Elitedawgs Drives the Big Rig of Message Boards

facebooktwitterreddit

In case you didn’t hear about it, Coach 34, one of the founders of the Mississippi State message board Elitedawgs.com, created quite a stir yesterday with his post about “The Ole Miss Recruiting Playbook”.  It was actually posted on Sunday the 25th, but it didn’t cause such a firestorm until Monday when it found its way to Reddit. Then it blew up and had so many people talking about it. Even Bo Bounds spent a large portion of his show on Tuesday morning discussing the post.

I’m not here to discuss the legitimacy of what Coach said on the board. I don’t know where he gets his information, and since I don’t know where it comes from, I’m not going to tell you that he is right or wrong. This has nothing to do with the legitimacy of anything discussed on Elitedawgs. I go to a lot of different message boards, but rarely post on any of them. What is important is how Elitedawgs is the Mack truck of message boards.

Understand that to be the one wielding the big stick, you have to remember the purpose of a message board. The point is to draw as many eyeballs to the sight as possible. It accomplishes that goal as well as any other message board that exists. This is why they have so many loyal posters. But how do they do it?

The moderators there have very few rules about the posts that can be displayed or the direction that a thread can go, but they enforce them wholeheartedly. If you want to post there, then you have to play by their rules. But the one rule that constantly drives people to their site is as simple as can be

No Rebels.

They don’t play around with this at all. If they even think someone is a Rebel, they get kicked and their account gets locked down. The purpose is to allow Bulldog fans to discuss things they want to discuss without hearing from the rival fan base. There are lots of Ole Miss fans who say they are on there posting as fake Bulldog fans, but they have to constantly post positive things about Mississippi State and run down Ole Miss to keep from getting kicked off the board. I don’t really understand why they do, but to each his own. So how can not allowing Ole Miss fans drive the traffic up to Elitedawgs?

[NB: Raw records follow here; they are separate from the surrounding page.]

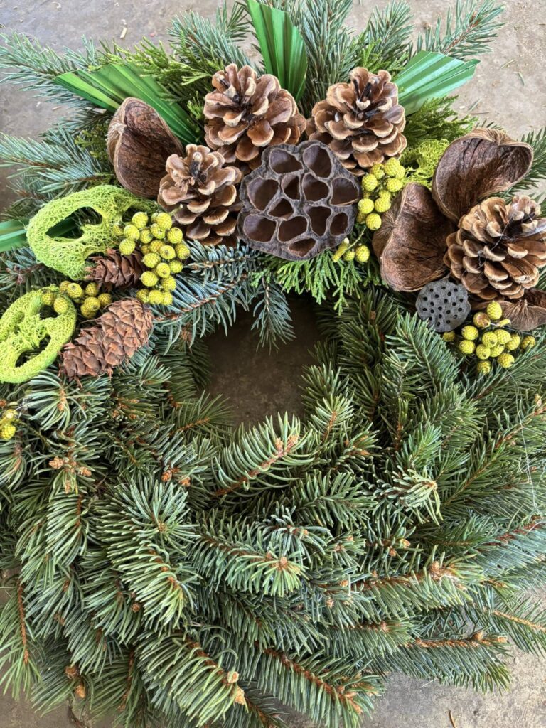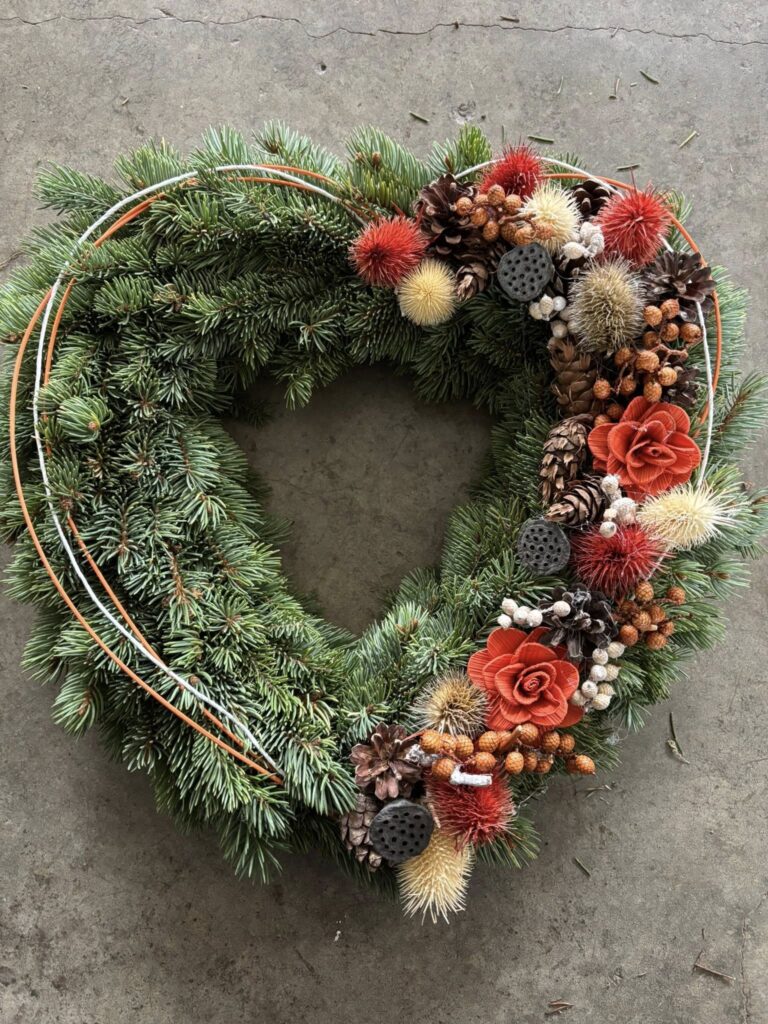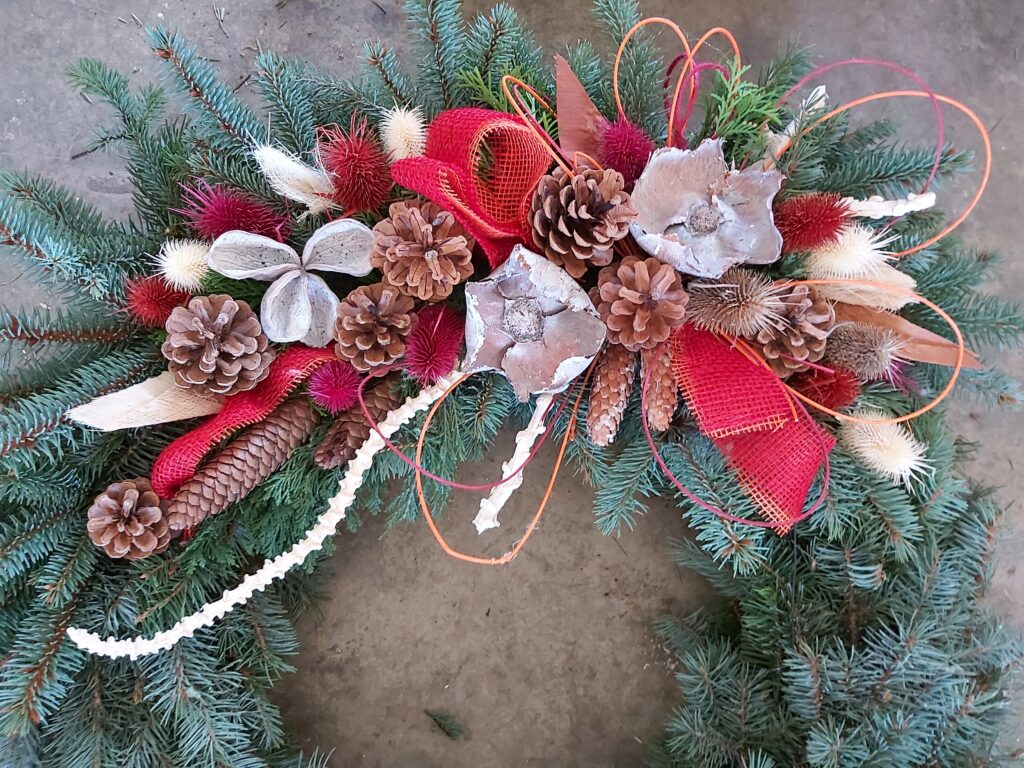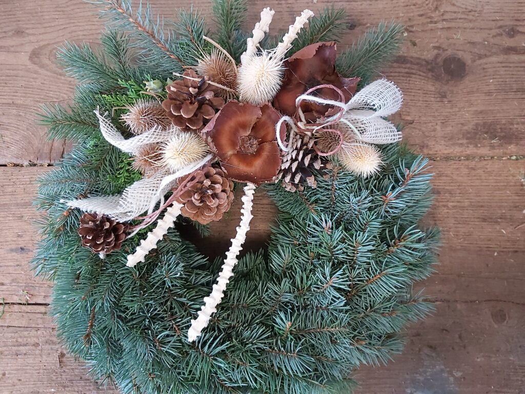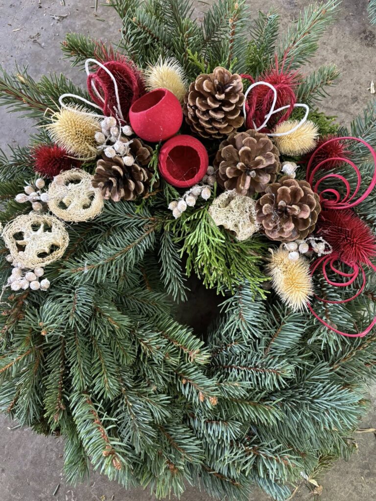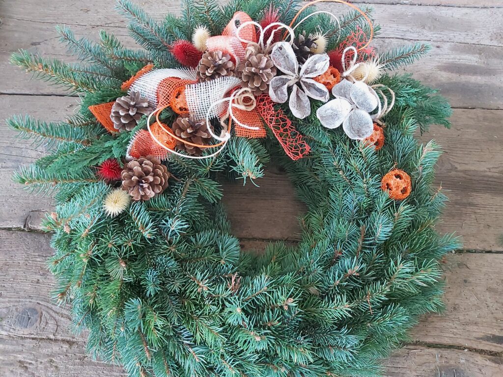 V nabídce máme věnce průměrů 30, 40, 50 a 60 cm, materiálem je stříbrný smrk nebo jedle vznešená (abies nobilis). Možnost zdobení s hlavou nebo po obvodu věnce, klasickými zdejšími materiály (šišky, bodláky, statice tatarika, achillea apod.) nebo s exotickými plody a přízdobami. Vždy bohatě zdobeno přírodními materiály, lze připravit v různém barevném provedení: do bíla, žluta, oranžova, červené barvy, do zelena. Lze i vzájemné kombinace barev, možno doplnit stuhou nebo trikolorou. Dle dohody můžeme připravit i vypichovaný věnec s povoskovanými květy (chryzantémy) nebo lesní.
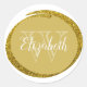 Custom Name Monogram Calligraphy Gold Glitter Ring Classic Round Sticker
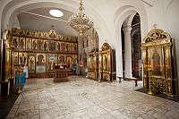 The church is located at the foot of the Mitridatskaya steps (there are 432 steps), which rises to the Mitridat Hill where there are a series of ancient sites. St John's Baptist Church is one of the oldest Christian churches built in the Byzantine architecture style; it was built during the Khazar era in the 8th century.[7] An inscription in the older part of the church reads: "Here lies the servant of God Kyriakos, a son of George, a grandson of Vindira. He died on the month of June 3, induction 10th, in the year 6265 from Adam".[7] This has been interpreted as the year 757 AD. During the period of the Soviet Union, the church was used as a gem museum.[8] Following the restoration works carried out in the 1980s, church services have been resumed since 1990.[7] In 1982, Tatjana Ivanovna Makarova published an article, Archaeological dating of the John the Precursor church in Kerch.[9]
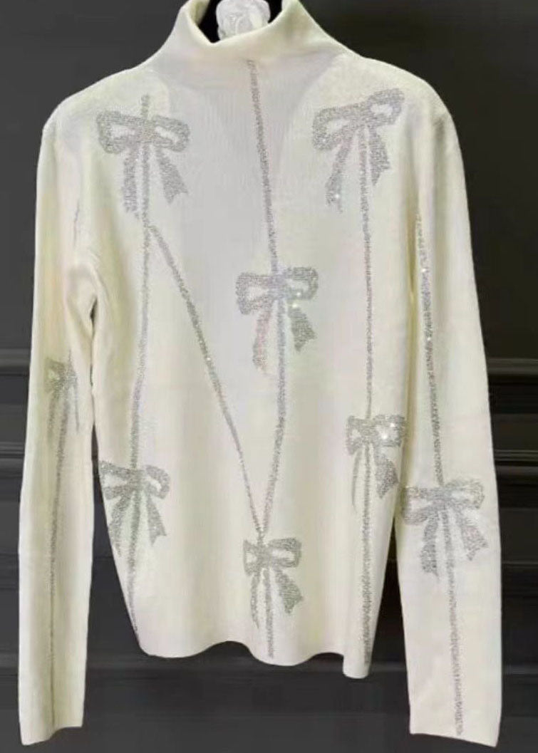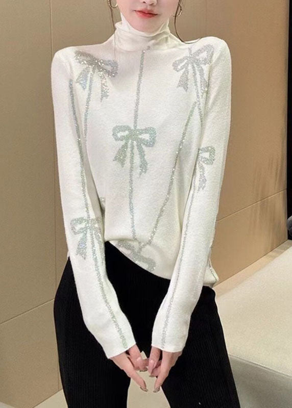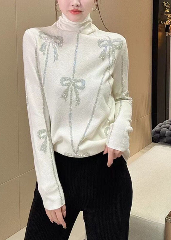 Slim Fit White Turtleneck Zircon Cotton Knit Top Fall

It’s complicated but it works. Elitedawgs posters will discuss lots of different topics, but the topic that always draws the most attention is whenever they go all in on Ole Miss. Since Ole Miss fans can’t respond directly to anything posted there, they have to go to other mediums like Twitter, Facebook, or their own message boards. The more it gets discussed in these other forums, the more that Ole Miss fans go to click on it. The more Ole Miss fans discuss their opinion on them in these other forums, the more Bulldogs fans go to see what has so many people worked up. There are message boards that don’t allow fans of opposing schools to post on their site, but most of those are private boards. I don’t know a whole lot of people who are going to pay to join a board of a team that isn’t their favorite. Other boards just don’t get the same attention in social media because anyone can join those boards and talk about them. The people who post on other message boards will tell you they get a better, more well rounded discussion. The guys at Elitedawgs will tell you all you do is end up arguing  with Ole Miss fans who ruin the board. Everyone has their personal preference.

Let me also be clear that there are plenty of Mississippi State fans who hate the site just as much as Ole Miss fans. It isn’t for everyone. The people who post there use profanity and have no problems being critical of the administration or the coaches. If they don’t like the way a player played, they will say how they feel, and they aren’t going to mince words about it. It’s a board that has a very unique audience but there is definitely an audience for these types of discussions. This is why the board has thrived for as long as it has.

As long as Elitedawgs exists, they are going to continue to express their own opinions about Ole Miss and how they operate. And the more they do, the more Ole Miss fans are going to see what is being said. You don’t have to like what they say or how they operate. A lot of people don’t. But as long as the 1st Amendment exists, they will continue to exercise their right to say what they want. And the more they do, people are going to keep going to see what all the fuss is about.